The termination proof uses a single natural number variant:

Variant(s) = RemainingChunks(s) Γ— CHUNK_MAX_STEPS + StepsRemaining(s)
  • Terminal phases (COMPLETE, FAILED): variant = 0
  • Progress steps: variant strictly decreases
  • Non-progress steps: variant does not increase

This guarantees termination under weak fairness assumptions.

Build

cd lean && lake build

Roadmap

Lean Track (NearFall) β€” Complete

  • Trace.lean β€” Infinite trace semantics (Nat β†’ SystemState)
  • Temporal.lean β€” LTL operators (Always, Eventually, LeadsTo, InfOften)
  • Fairness.lean β€” Weak/strong fairness with corrected TLA+ semantics
  • Variant.lean β€” Termination variant and progress partition
  • Liveness.lean β€” Progress theorems under fairness
  • Progress.lean β€” No-deadlock lemmas
  • Alignment.lean β€” Semantic alignment with TLA+

TLA+ Track (TLAPS Proofs)

  • CryptoModel.tla β€” Tagged preimage constructors, scoped injectivity
  • TypeOK.tla β€” Type invariant with encoding membership
  • SafetyInduction.tla β€” Inductive invariant, variant lemmas
  • AttackLemmas.tla β€” Encoding injectivity, digest binding
  • LivenessProofs.tla β€” WF/ENABLED leads-to with enabledness stability

Integration

  • ASSUMPTIONS.md β€” Assumption registry and proof obligation map
  • CI workflows β€” Lean build integrated
  • NearFall Lean proofs complete (no sorries)
  • Cross-track alignment verification

Why Three Layers?

Each layer answers a different question and catches bugs the others cannot.

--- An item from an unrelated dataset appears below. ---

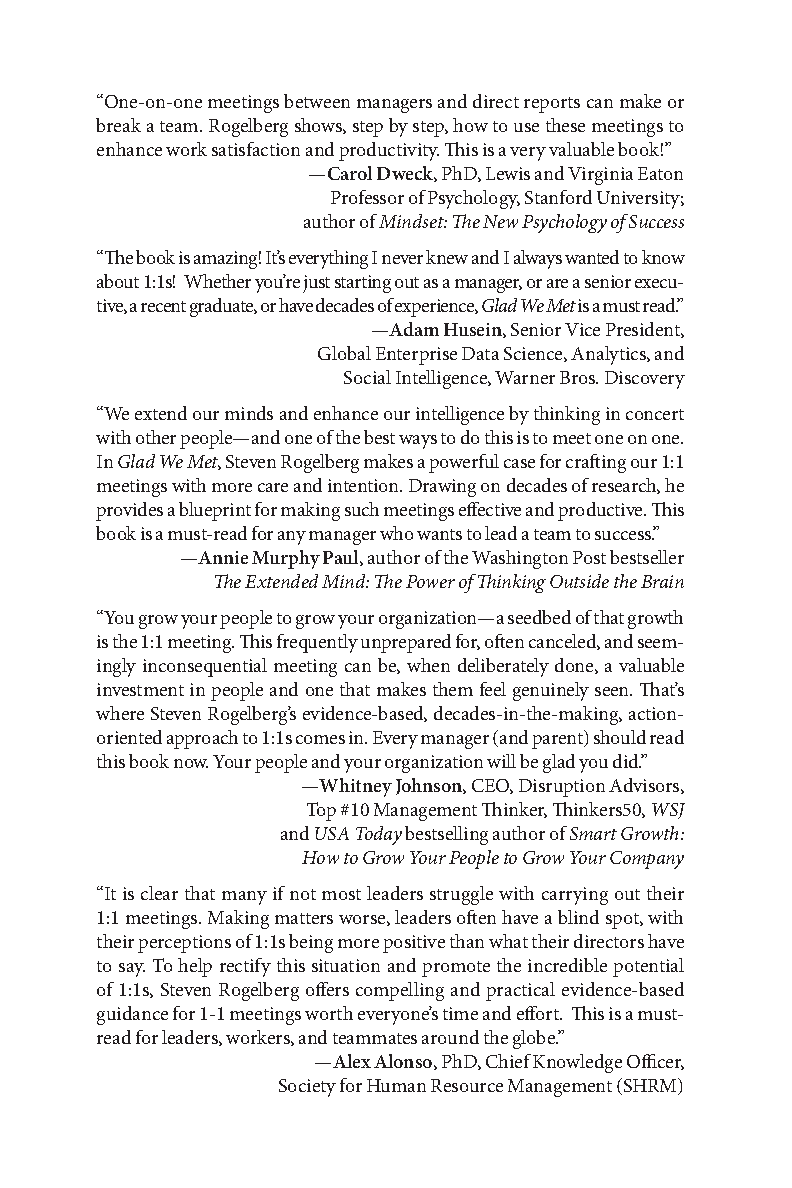 Unlock the true potential of your team with 'Glad We Met,' the definitive guide to mastering the art and science of 1:1 meetings. Authored by renowned organizational psychologist Steven G. Rogelberg, this resource provides an evidence-based framework to transform one-on-ones from dreaded obligations into powerful catalysts for growth and success. Updated for the 2025/2026 professional landscape, this guide offers actionable strategies to enhance communication, drive performance, and build stronger relationships. This is the ultimate tool for managers and leaders aiming to elevate their skills and achieve outstanding results on the first attempt, fostering a productive and engaged workforce.

The prose spec answers "what and why." It uses RFC 2119 keywords (MUST, SHOULD, MAY) to specify obligations. When you need to understand what a valid state looks like or why the digest includes config_tags, read spec.md. The prose catches ambiguity and missing requirementsβ€”but it can't execute, so it can't tell you if two implementations agree.

The TLA+ model answers "can this go wrong?" TLC explores all reachable states and checks that no sequence of operations violates security invariants. When TLC fails, it produces a counterexample trace showing the exact operations that reach a bad state. The model catches design bugs before any code existsβ€”but it uses finite bounds, so it can't check properties at production scale.

The Lean oracle answers "what's the right answer?" Feed it a state, get the one correct digest. If your implementation produces a different digest, your implementation is wrong. The oracle catches implementation drift and byte-level edge casesβ€”but it executes one path at a time, so it can't model-check all possible interleavings.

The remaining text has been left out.